- What the task asks -
Nothing but the lines from the start of the data through the line with "3 in 1 Multi" should appear in the answer, each retyped exactly, and pictures should not.

- Data section -
════════════════
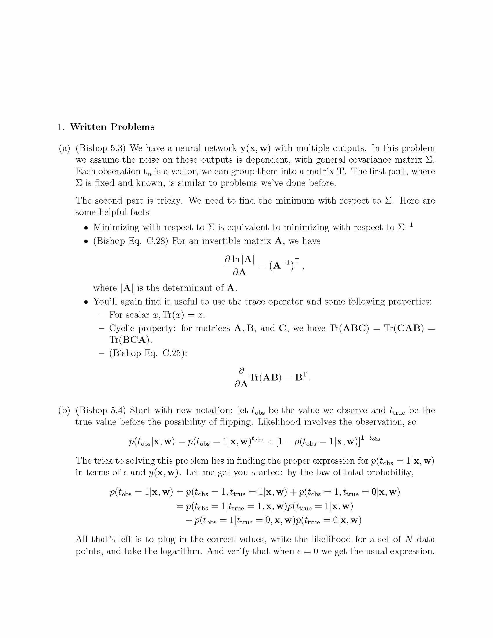 1. Written Problems (a) (Bishop 5.3) We have a neural network y(x;...
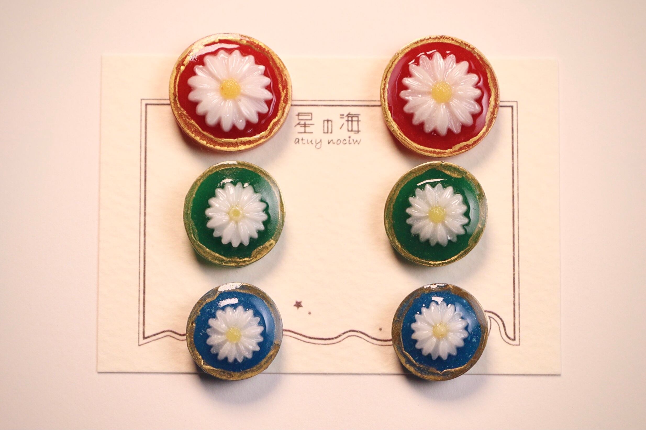 花ボタン 赤ver. (レトロ マーガレット ピアス イヤリング ノンホールピアス)
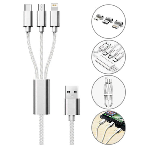 3 in 1 Multi Charging USB Nylon Cable Compatible with Most Smart Phones & Pads (3FT)
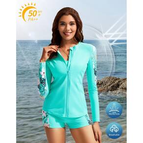 Kate Kasin Rash Guard 3 peças de manga comprida com proteção solar UV embutido com short Material premium e funcional Este maiô de surfe rashguard é feito de tecidos de alta qualidade que são macios, confortáveis, respiráveis e de secagem rápida. Enquanto isso, oferece a você uma boa cobertura corporal suficiente e protege sua pele contra erupções cutâneas, abrasões e raios UV prejudiciais. Você não precisa se preocupar com queimaduras solares se for sensível ao sol Design amigável ao cliente O material amigo da pele garante um uso sem irritação, tudo isso com excelente solidez da cor mesmo quando exposto à água. A camisa de natação com sutiã embutido oferece suporte suficiente e mostra sua silhueta atraente sem transparência. O short mantém suavemente a barriga um pouco. Suaviza as pequenas alças de amor e evita que a sujeira da água do mar entre em suas coxas, garantindo uma experiência de água limpa e confortável Design exclusivo de tops de natação Com recursos ajustáveis e alta elasticidade, esta rashguard oferece um ajuste perfeito e suporte ideal para vários tipos de corpo, tornando-a ideal para esportes aquáticos ativos ou natação de lazer. Alças cruzadas ajustáveis nas costas para maior suporte e contenção do peito, gola em U na frente vazada o torna elegante mesmo quando utilizado sozinho Exercício atraente, cheio de vitalidade O protetor rash guard de gola redonda com estampa floral lateral o torna mais exclusivo e charmoso. Os trajes de surf são justos, que não atrapalham as atividades, podem evitar queimaduras solares, podem ser à prova d'água, podem evitar a imersão na água do mar, podem se manter aquecidos e evitar que o corpo perca a temperatura. Mais detalhes: Tecido principal: 82% poliamida + 18% elastano, tecido contrastante: 85% poliéster + 15% elastano Estação: primavera, verão, outono, inverno Estilo: slim fit, casual, moda, esporte, surfe, rash guard Comprimento da manga: manga comprida Cintura: cintura alta Elástico: elástico Cor: estampa floral - Proteção UV e tecido de secagem rápida: nosso modesto maiô é feito de tecido UPF 50+, garantindo excelente cobertura contra 98% dos raios UV prejudiciais. Se você estiver relaxando na piscina ou praticando esportes aquáticos, isso evitará queimaduras solares. Sua alta elasticidade, durabilidade e material amigo da pele não apenas melhoram o conforto, mas também garantem um ajuste impecável. Além disso, eles secam rapidamente após cada enxágue - Três peças com zíper rash guard feminino: roupas de banho femininas incluem uma camisa rash guard com zíper, uma regata esportiva com sutiãs acolchoados removíveis e shorts de cintura alta, permitindo que você abrace suas atividades aquáticas sem esforço. Atualizamos o cós elástico para um novo, não é muito solto, mas também não apertado. Serve na maioria dos formatos de corpo. Além disso, o zíper melhorado agora possui uma capa protetora para evitar que qualquer desconforto no pescoço seja arranhado - Top de biquíni embutido nas costas cruzadas + shorts: nosso protetor de 3 peças para mulheres é uma excelente escolha para roupas de praia ou piscina. As alças cruzadas altamente elásticas e ajustáveis oferecem suporte aprimorado no peito, garantindo que elas permaneçam no lugar e não sejam transparentes, mesmo molhadas. O top de banho vazado com gola U adiciona um toque feminino e pode ser utilizado sozinho para um visual moderno. Os shorts incluídos seguram suavemente a barriga, suavizando pequenas alças de amor e proporcionando uma silhueta lisonjeira - Adequado para todas as ocasiões: nossas camisetas femininas rash guard são a companhia perfeita para qualquer tipo de esporte, incluindo surf, natação, mergulho, ioga, snorkeling, corrida, stand up paddle, snorkeling, caminhadas e ciclismo, etc - Instruções de lavagem: a estampa não desbota após o uso repetido, garantindo desempenho e prazer duradouros. Para melhores resultados, lave à mão em água fria ou lave à máquina usando um saco de lavanderia. Pendurar para secar. Evite usar alvejante, secar na máquina e passar a ferro
════════════════
- Solution to the exercise -
 1. Written Problems (a) (Bishop 5.3) We have a neural network y(x;...
 花ボタン 赤ver. (レトロ マーガレット ピアス イヤリング ノンホールピアス)
 3 in 1 Multi Charging USB Nylon Cable Compatible with Most Smart Phones & Pads (3FT)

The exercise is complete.